BOSTON (CBS) — It was a routine hospital visit for Ed Lukaszewicz, but what wasn’t routine was seeing the line of nurses outside Tufts Medical Center. That’s because the approximately 1,200 nurses at Tufts Medical Center were locked out after their 24-hour strike ended Thursday morning.
“It was a little intimidating getting him in, we had trouble getting him out of the car,” said daughter-in-law Lee Lukaszewicz.
It was a nurse on the line who came to his aid, as the striking nurses say it’s still all about their patients in the midst of the strike over salaries, staffing levels and preserving pensions.
“This is a different role for all of us,” said nurse Jean Probert. “We want to be in the hospital taking care of our patients.”
Extra security at the front door assisted patients through the picket line that nurses hoped would end today.

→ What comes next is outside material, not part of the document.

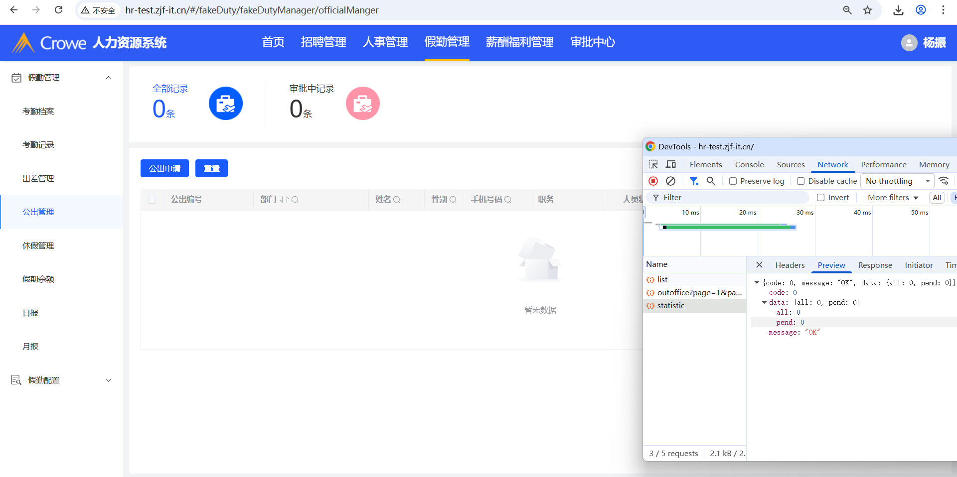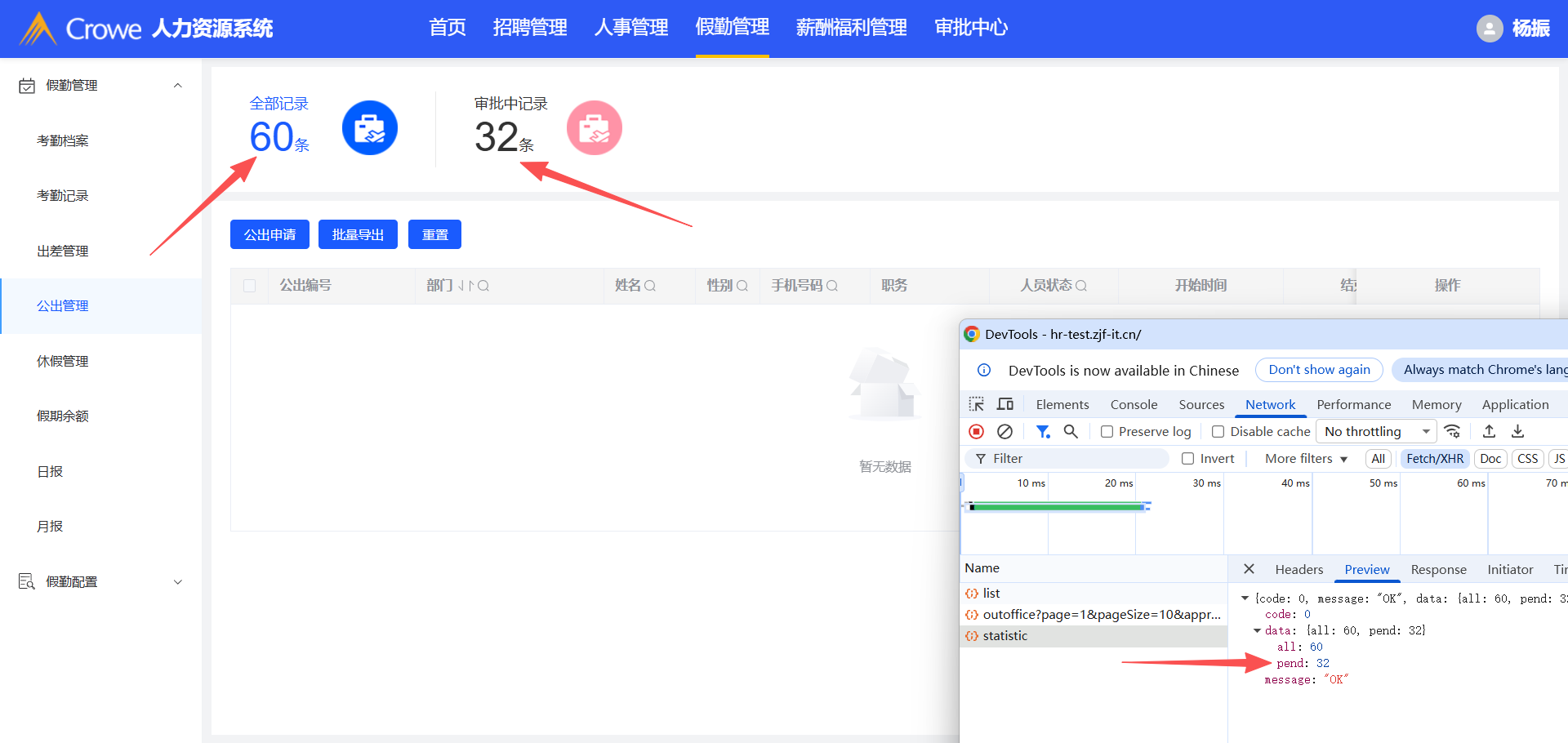 已关闭人力资源系统-假勤管理-公出管理,页面显示暂无数据,但是表头的全部记录、审批中记录仍显示数量,需做权限设置(接口:/outoffice/statistic)

They marched to the front door at 7:00 a.m. but were turned away.
Hospital officials say they knew in advance that replacement nurses had to be contracted for five days.
WBZ reported on July 1 that the nurses expected a lockout if they went on strike, even though striking nurse Denise Clements claimed the nurses weren’t properly informed.
“We haven’t gotten official notification of a 4-day lockout. So all of our peers are coming in for 7 a.m., hoping that cooler heads prevail and everyone get back to our patients and do what we love to do best – provide safe, skilled care,” Clements said.
Explaining the hospital’s action, Chief Nursing Officer Terry Hudson-Jinks said the hospital prepared for the strike.
“This is what we had to do to ensure the safety of our patients. They were well aware of that,” Hudson-Jinks said.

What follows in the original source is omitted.